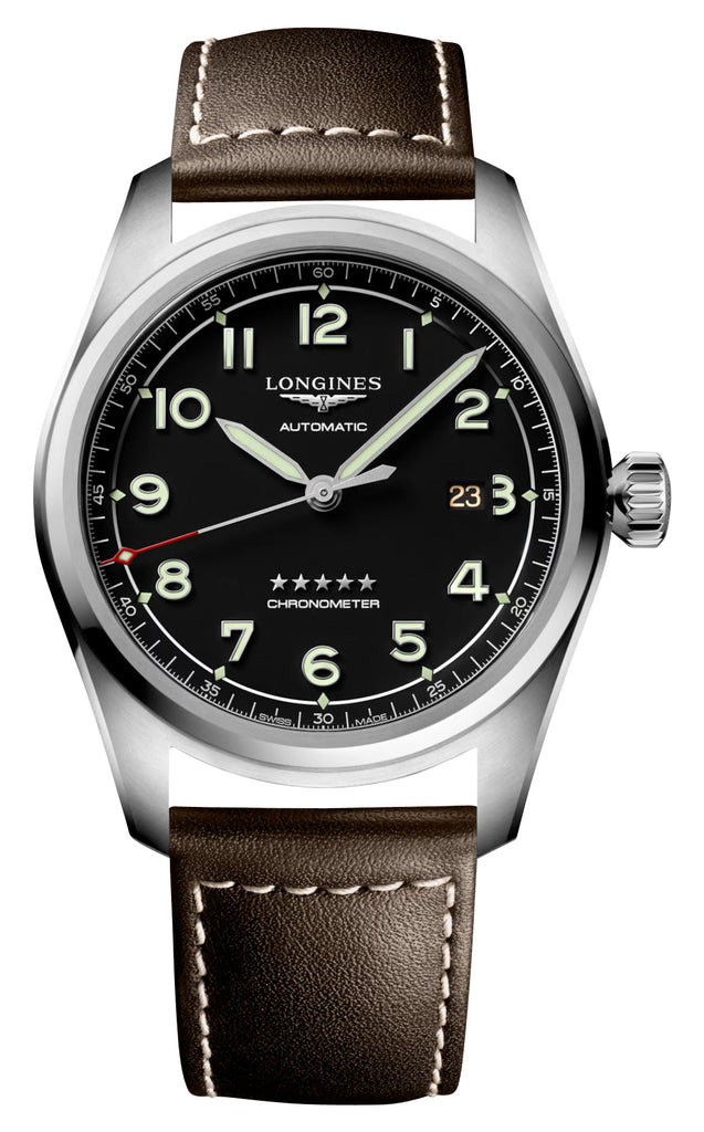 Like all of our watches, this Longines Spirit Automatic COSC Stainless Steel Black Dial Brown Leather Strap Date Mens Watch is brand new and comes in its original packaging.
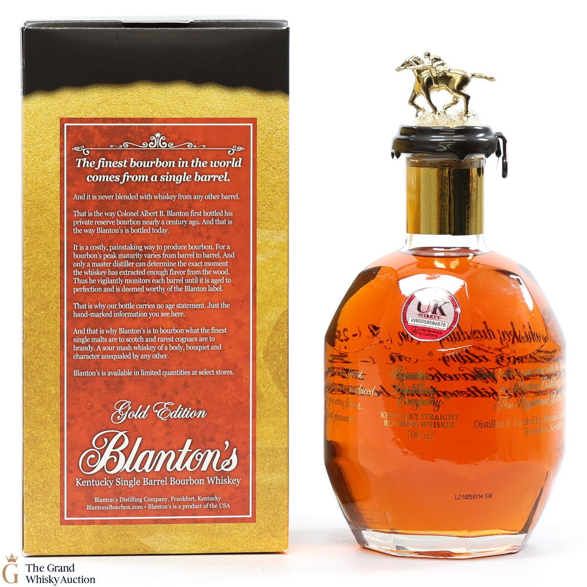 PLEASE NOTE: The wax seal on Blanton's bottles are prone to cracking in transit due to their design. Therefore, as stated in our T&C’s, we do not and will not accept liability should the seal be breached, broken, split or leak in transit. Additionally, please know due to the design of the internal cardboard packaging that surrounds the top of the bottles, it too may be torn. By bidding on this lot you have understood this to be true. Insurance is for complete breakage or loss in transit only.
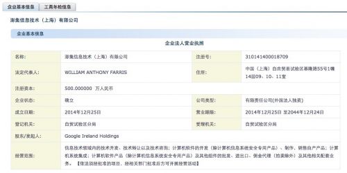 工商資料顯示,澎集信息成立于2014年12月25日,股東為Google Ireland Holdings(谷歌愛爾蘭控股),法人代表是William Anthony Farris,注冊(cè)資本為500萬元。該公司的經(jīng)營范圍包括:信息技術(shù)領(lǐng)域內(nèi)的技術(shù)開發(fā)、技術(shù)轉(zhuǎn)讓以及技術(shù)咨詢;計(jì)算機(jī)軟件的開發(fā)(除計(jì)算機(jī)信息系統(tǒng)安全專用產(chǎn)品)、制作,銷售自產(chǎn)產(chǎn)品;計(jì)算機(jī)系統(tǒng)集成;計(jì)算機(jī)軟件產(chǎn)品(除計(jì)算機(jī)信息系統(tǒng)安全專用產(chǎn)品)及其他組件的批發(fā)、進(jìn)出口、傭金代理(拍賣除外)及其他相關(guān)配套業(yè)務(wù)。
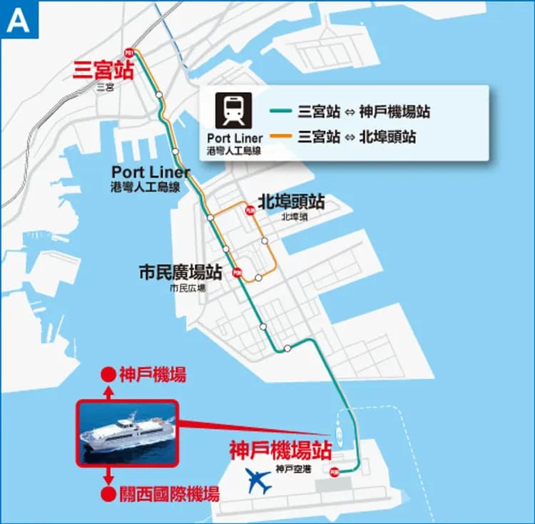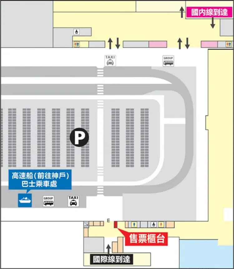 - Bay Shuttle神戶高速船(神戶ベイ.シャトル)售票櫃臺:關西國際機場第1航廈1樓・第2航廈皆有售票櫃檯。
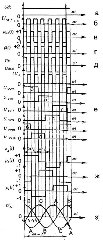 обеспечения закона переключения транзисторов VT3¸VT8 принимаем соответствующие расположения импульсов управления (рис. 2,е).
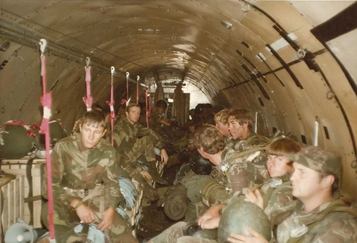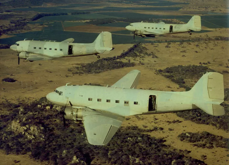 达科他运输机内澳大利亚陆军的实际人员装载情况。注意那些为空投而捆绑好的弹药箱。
══════════════════════════════
▸ **About this task**:
Exclude the pictures and transcribe all of the entries exactly.

▸ **Response area**:
 Like all of our watches, this Longines Spirit Automatic COSC Stainless Steel Black Dial Brown Leather Strap Date Mens Watch is brand new and comes in its original packaging.
 PLEASE NOTE: The wax seal on Blanton's bottles are prone to cracking in transit due to their design. Therefore, as stated in our T&C’s, we do not and will not accept liability should the seal be breached, broken, split or leak in transit. Additionally, please know due to the design of the internal cardboard packaging that surrounds the top of the bottles, it too may be torn. By bidding on this lot you have understood this to be true. Insurance is for complete breakage or loss in transit only.
 工商資料顯示,澎集信息成立于2014年12月25日,股東為Google Ireland Holdings(谷歌愛爾蘭控股),法人代表是William Anthony Farris,注冊(cè)資本為500萬元。該公司的經(jīng)營范圍包括:信息技術(shù)領(lǐng)域內(nèi)的技術(shù)開發(fā)、技術(shù)轉(zhuǎn)讓以及技術(shù)咨詢;計(jì)算機(jī)軟件的開發(fā)(除計(jì)算機(jī)信息系統(tǒng)安全專用產(chǎn)品)、制作,銷售自產(chǎn)產(chǎn)品;計(jì)算機(jī)系統(tǒng)集成;計(jì)算機(jī)軟件產(chǎn)品(除計(jì)算機(jī)信息系統(tǒng)安全專用產(chǎn)品)及其他組件的批發(fā)、進(jìn)出口、傭金代理(拍賣除外)及其他相關(guān)配套業(yè)務(wù)。
 - Bay Shuttle神戶高速船(神戶ベイ.シャトル)售票櫃臺:關西國際機場第1航廈1樓・第2航廈皆有售票櫃檯。
 обеспечения закона переключения транзисторов VT3¸VT8 принимаем соответствующие расположения импульсов управления (рис. 2,е).
 达科他运输机内澳大利亚陆军的实际人员装载情况。注意那些为空投而捆绑好的弹药箱。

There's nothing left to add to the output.